§ Exercise:
Could you give the listing again exactly, without its pictures?

§ Data shown:
· · · · ·

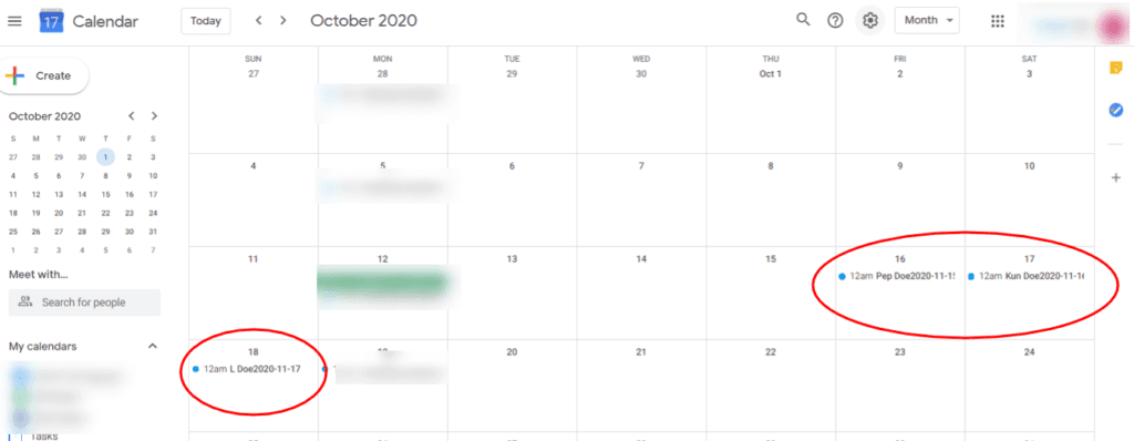 5. To conclude, the end result: the scenario watches the spreadsheet and creates the calendar events.
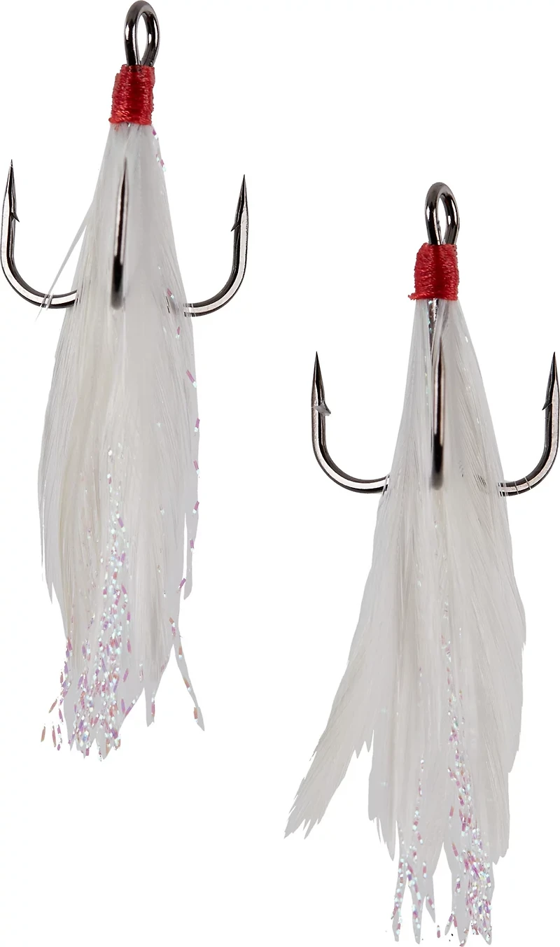 Add the Gamakatsu Feathered Treble Hook to almost any topwater bait and enhance the look of your lures. The feathered design creates an attractive appearance. The hand-tied design promotes durability and quality, while the Round Bend treble hook offers sharpness and a strong hold.
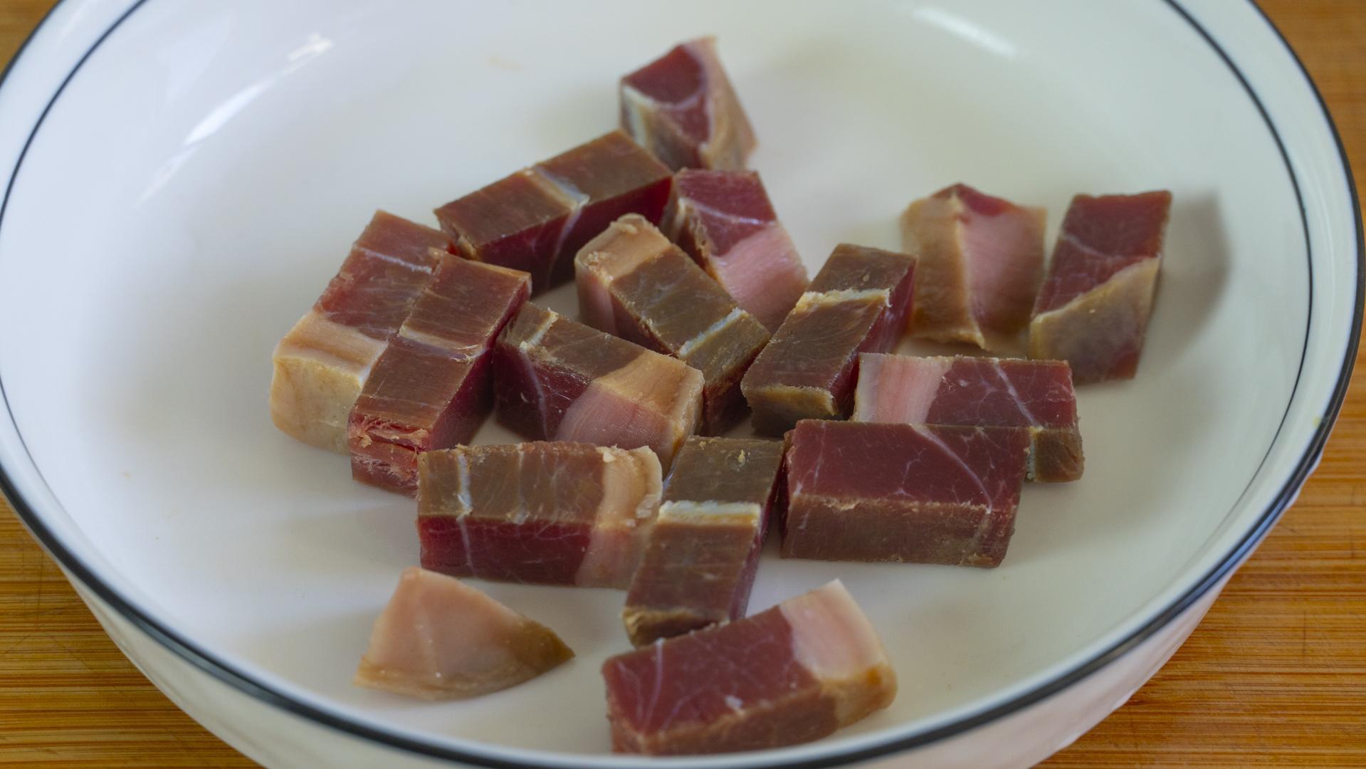 2、青豆80克,剝開後洗淨;火腿200克,洗淨後切成小塊兒。

· · · · ·

§ Answer area:
 5. To conclude, the end result: the scenario watches the spreadsheet and creates the calendar events.
 Add the Gamakatsu Feathered Treble Hook to almost any topwater bait and enhance the look of your lures. The feathered design creates an attractive appearance. The hand-tied design promotes durability and quality, while the Round Bend treble hook offers sharpness and a strong hold.
 2、青豆80克,剝開後洗淨;火腿200克,洗淨後切成小塊兒。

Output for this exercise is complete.